*Data to process*
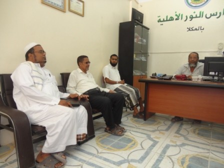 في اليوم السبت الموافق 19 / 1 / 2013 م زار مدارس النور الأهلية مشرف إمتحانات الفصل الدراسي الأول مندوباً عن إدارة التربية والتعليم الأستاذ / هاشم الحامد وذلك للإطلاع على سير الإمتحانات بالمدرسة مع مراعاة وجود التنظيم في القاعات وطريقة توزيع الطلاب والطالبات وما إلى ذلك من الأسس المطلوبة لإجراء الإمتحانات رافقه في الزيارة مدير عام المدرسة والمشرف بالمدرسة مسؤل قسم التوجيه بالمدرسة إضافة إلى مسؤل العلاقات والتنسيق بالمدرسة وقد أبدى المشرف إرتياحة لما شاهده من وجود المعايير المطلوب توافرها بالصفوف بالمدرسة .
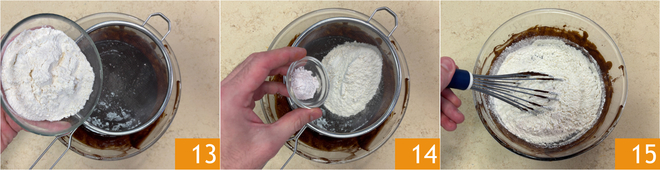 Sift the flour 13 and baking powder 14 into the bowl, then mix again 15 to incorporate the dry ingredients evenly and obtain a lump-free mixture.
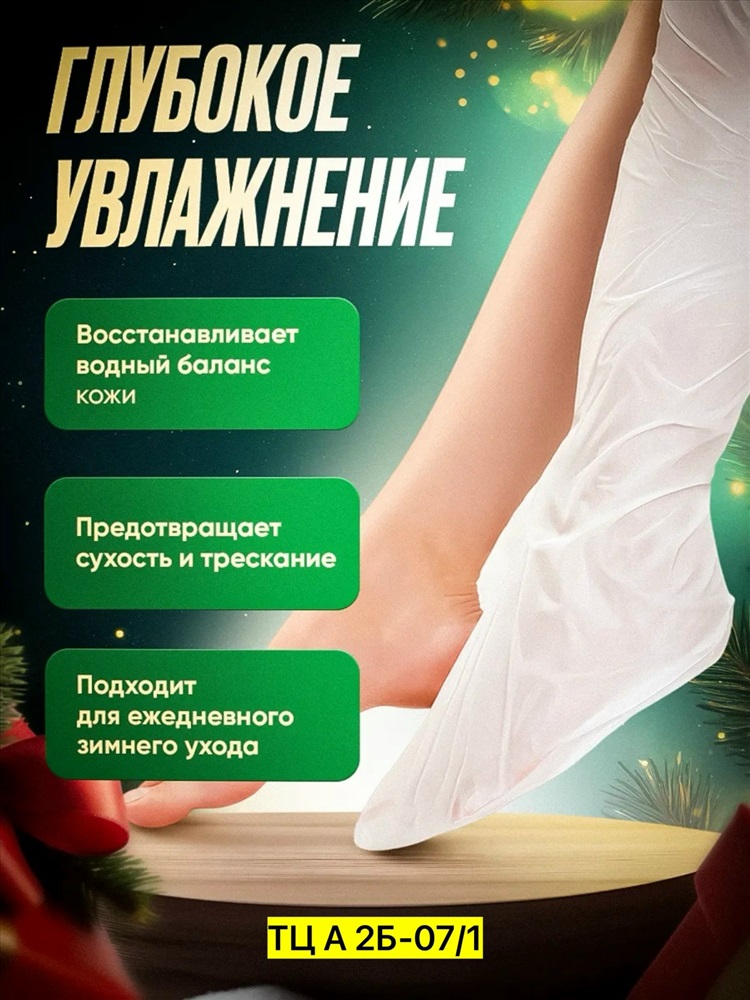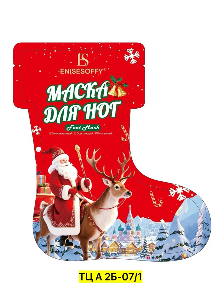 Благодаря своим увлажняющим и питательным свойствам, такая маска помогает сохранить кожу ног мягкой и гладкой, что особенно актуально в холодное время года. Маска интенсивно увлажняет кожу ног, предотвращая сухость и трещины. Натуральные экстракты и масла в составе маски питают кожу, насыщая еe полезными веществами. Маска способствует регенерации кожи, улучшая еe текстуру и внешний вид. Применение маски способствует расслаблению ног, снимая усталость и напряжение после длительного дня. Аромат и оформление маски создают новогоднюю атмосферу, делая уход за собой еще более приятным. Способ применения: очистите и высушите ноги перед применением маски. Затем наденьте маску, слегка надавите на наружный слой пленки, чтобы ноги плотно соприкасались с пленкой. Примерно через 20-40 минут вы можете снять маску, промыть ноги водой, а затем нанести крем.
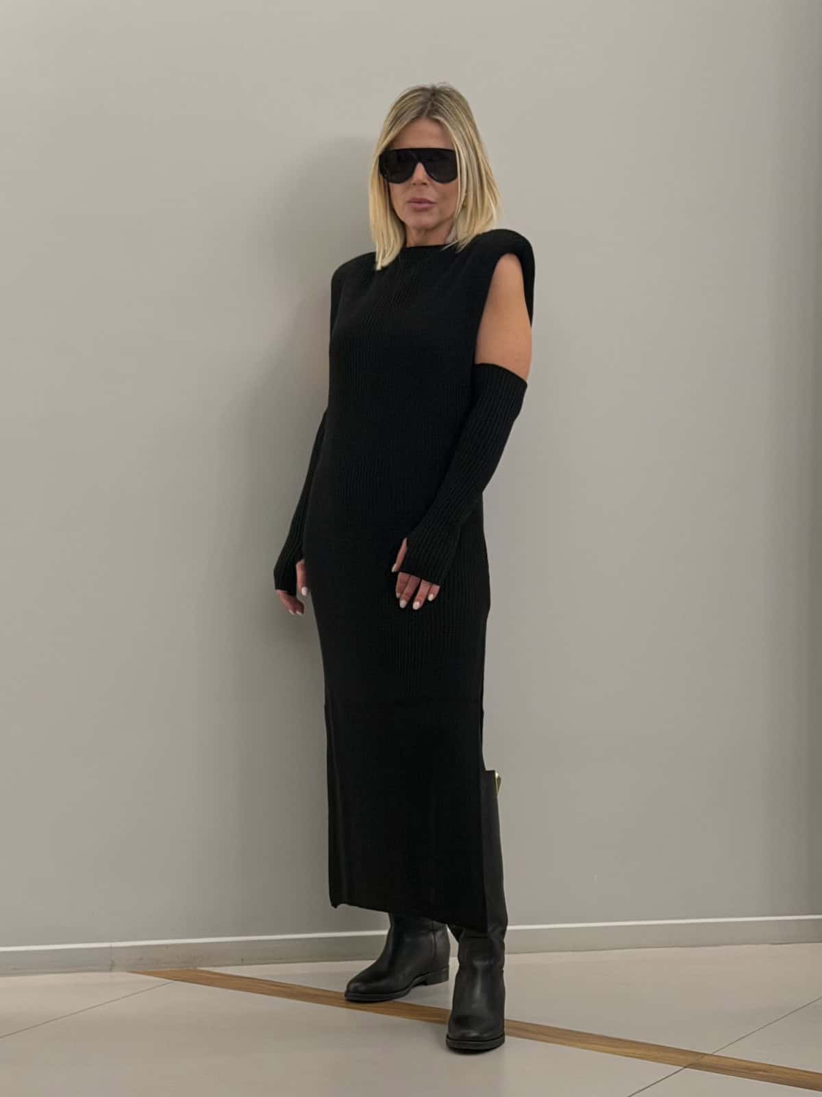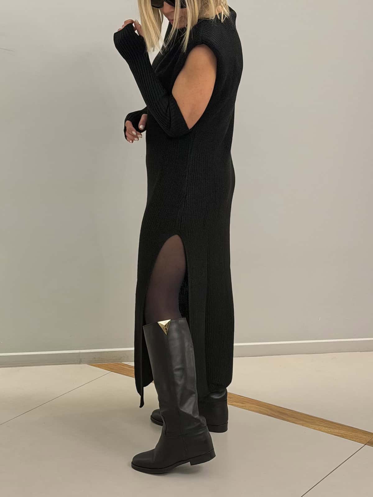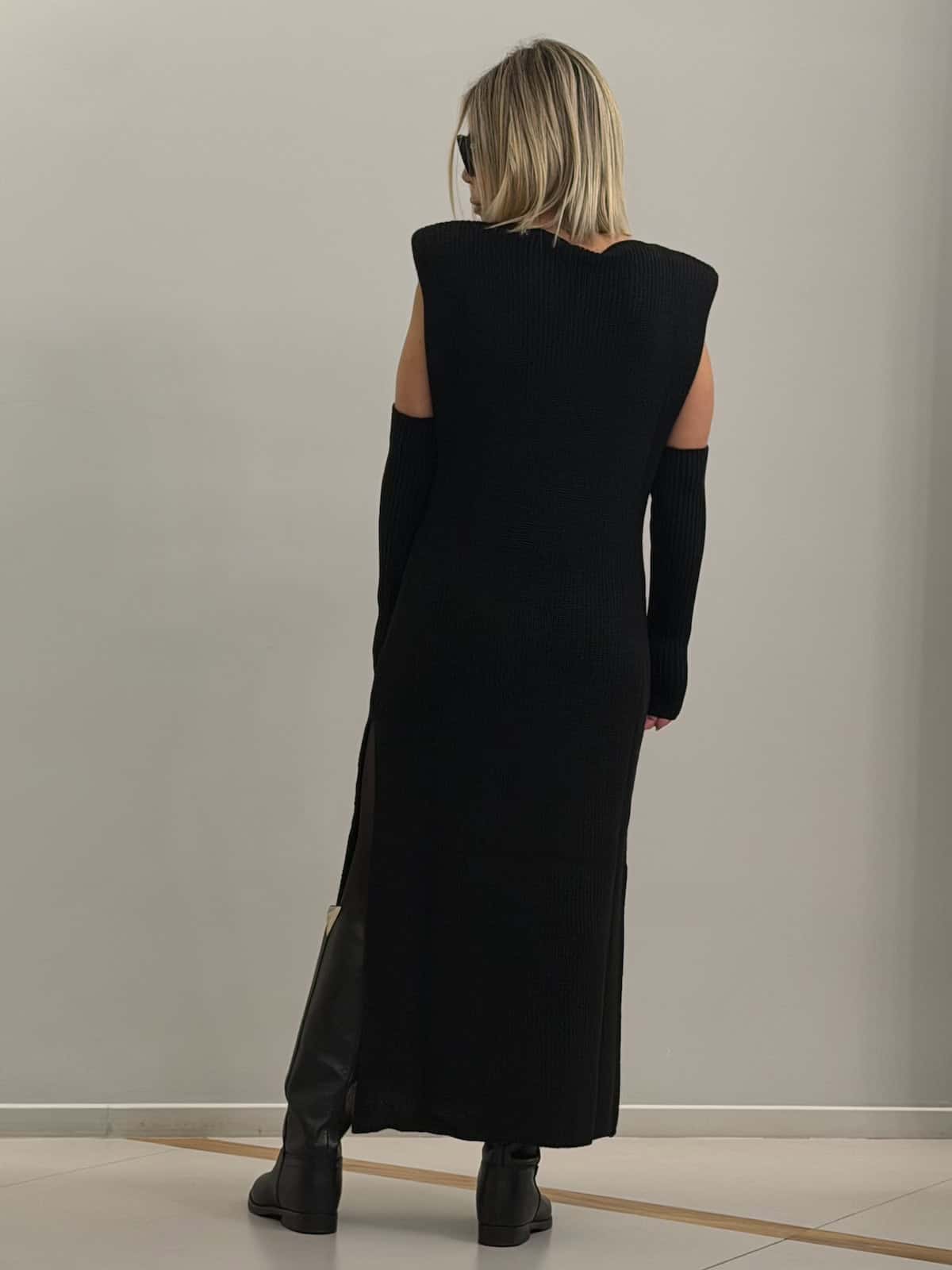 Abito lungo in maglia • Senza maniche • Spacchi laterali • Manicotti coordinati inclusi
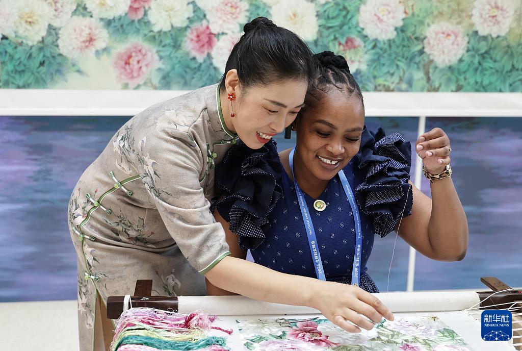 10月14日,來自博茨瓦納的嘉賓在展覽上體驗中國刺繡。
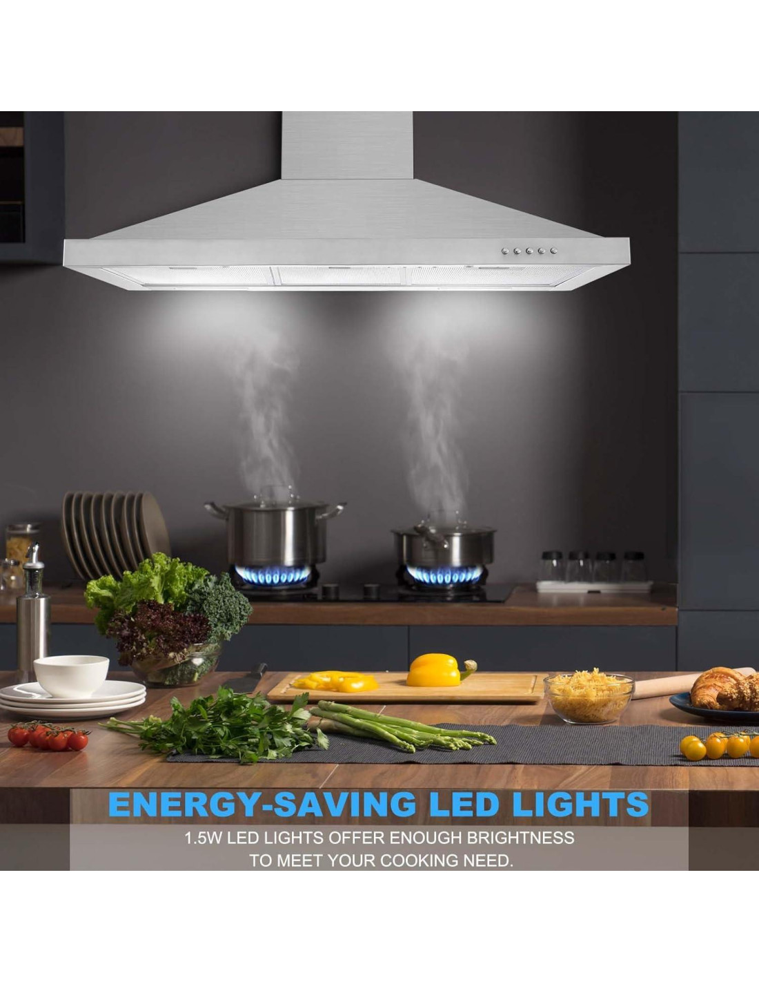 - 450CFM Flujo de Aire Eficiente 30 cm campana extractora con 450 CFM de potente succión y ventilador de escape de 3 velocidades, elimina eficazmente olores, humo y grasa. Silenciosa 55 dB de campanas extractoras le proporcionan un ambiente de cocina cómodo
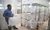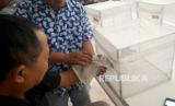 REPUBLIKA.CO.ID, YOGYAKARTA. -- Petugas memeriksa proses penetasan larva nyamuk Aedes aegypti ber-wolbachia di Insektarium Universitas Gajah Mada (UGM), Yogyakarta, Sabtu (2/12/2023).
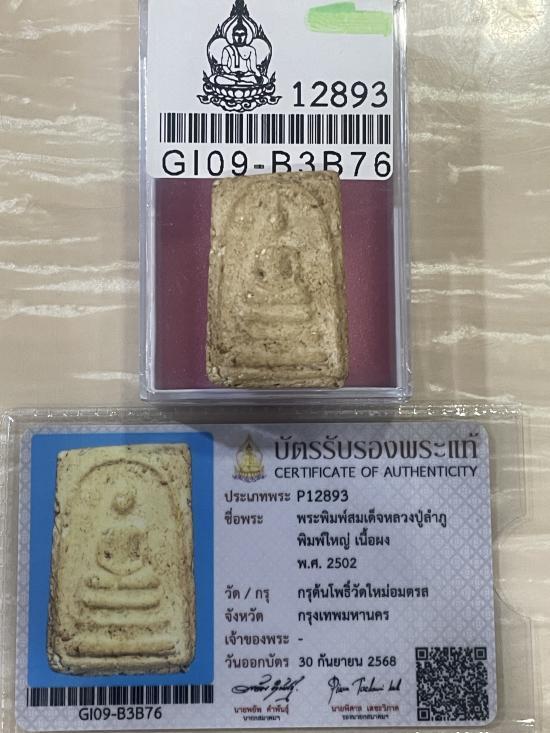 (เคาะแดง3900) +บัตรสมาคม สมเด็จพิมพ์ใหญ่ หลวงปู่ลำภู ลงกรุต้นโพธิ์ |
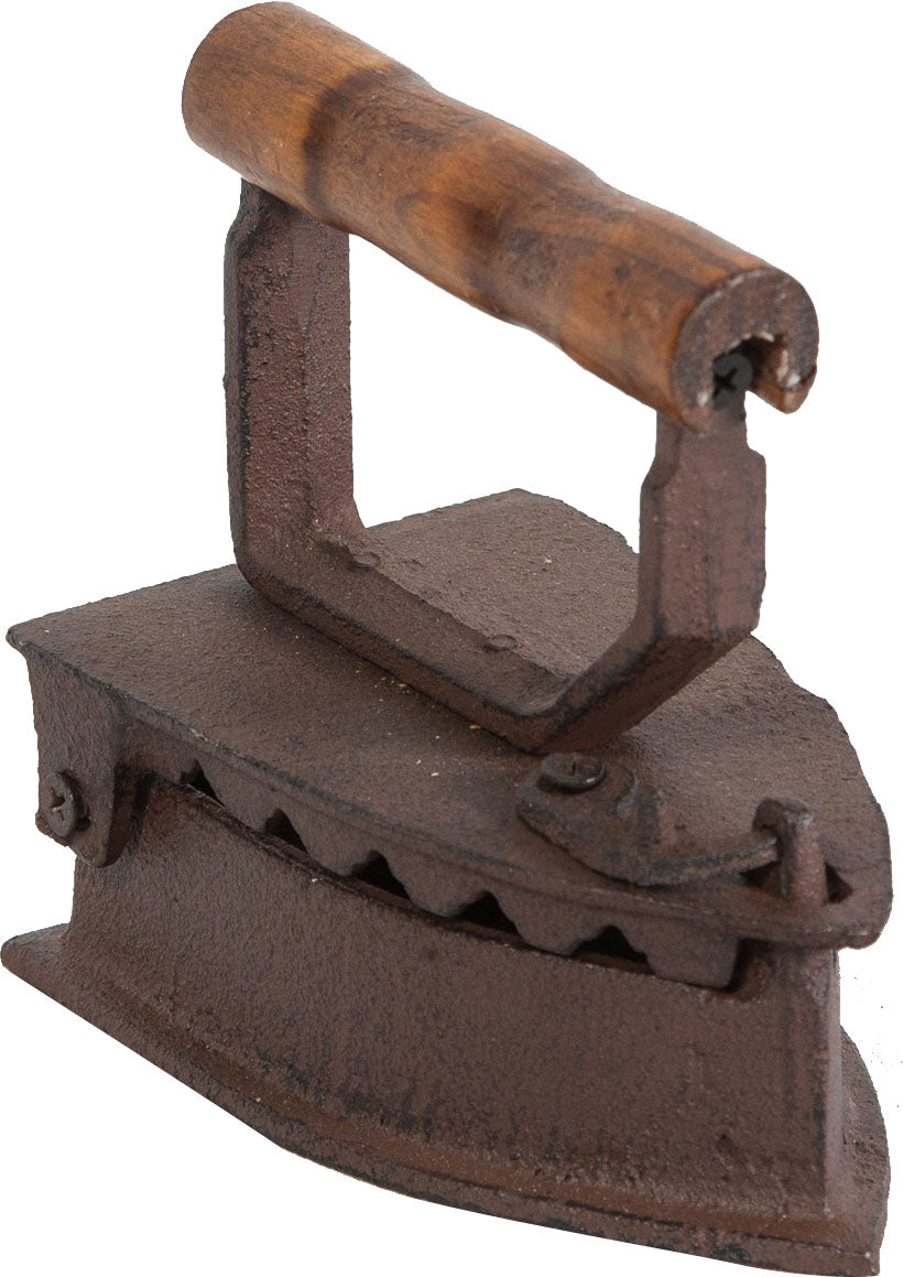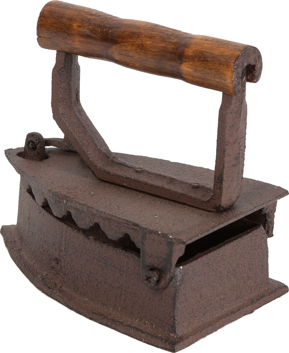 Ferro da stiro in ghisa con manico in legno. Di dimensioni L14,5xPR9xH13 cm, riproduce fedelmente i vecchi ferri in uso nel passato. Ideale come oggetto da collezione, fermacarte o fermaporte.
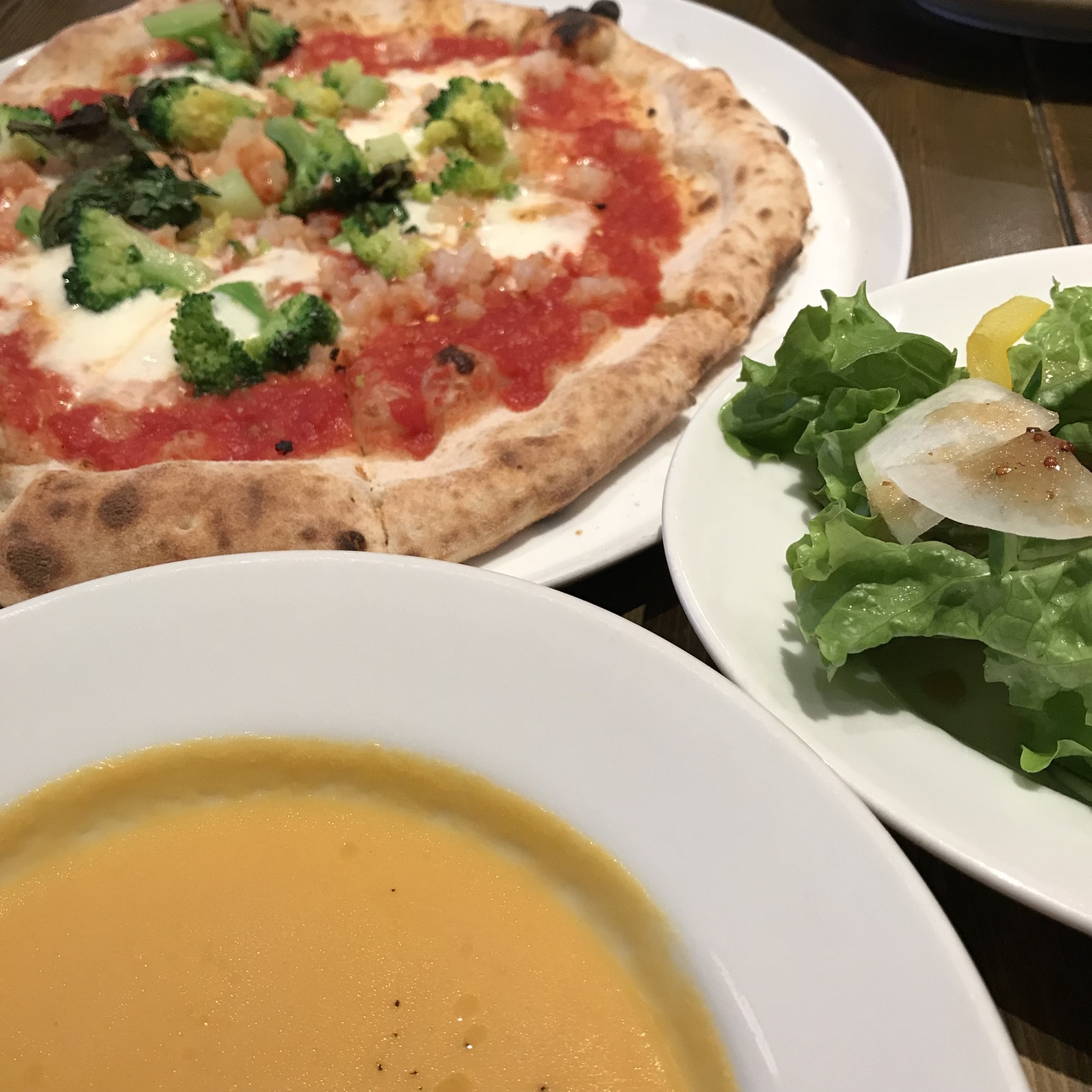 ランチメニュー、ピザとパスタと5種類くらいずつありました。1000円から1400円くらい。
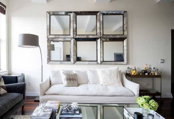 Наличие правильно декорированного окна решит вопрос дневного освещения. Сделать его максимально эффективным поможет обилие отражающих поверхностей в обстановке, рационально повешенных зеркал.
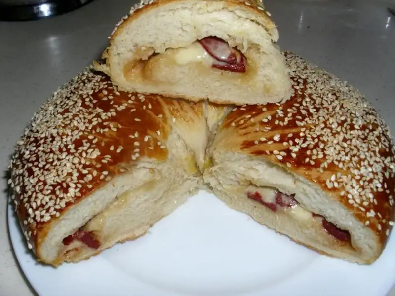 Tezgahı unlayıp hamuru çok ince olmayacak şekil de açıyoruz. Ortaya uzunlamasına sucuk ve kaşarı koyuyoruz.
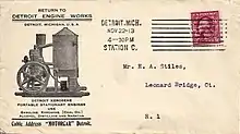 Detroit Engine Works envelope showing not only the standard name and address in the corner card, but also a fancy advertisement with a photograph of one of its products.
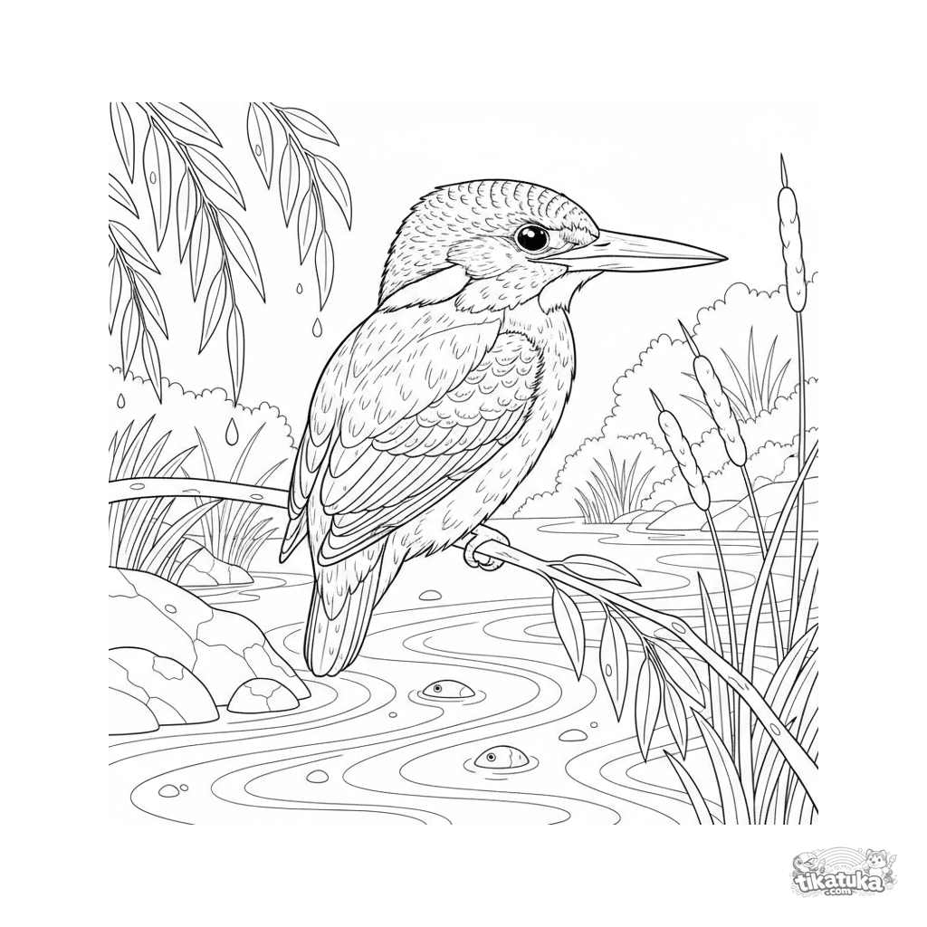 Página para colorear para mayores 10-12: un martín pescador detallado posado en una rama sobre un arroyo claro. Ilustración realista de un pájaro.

*Exercise brief*
What is needed is a word-for-word copy of the lines from the one containing "Detroit Engine Works" through the final line of the records above, both included, with the pictures left out.

*Answer box*
 Detroit Engine Works envelope showing not only the standard name and address in the corner card, but also a fancy advertisement with a photograph of one of its products.
 Página para colorear para mayores 10-12: un martín pescador detallado posado en una rama sobre un arroyo claro. Ilustración realista de un pájaro.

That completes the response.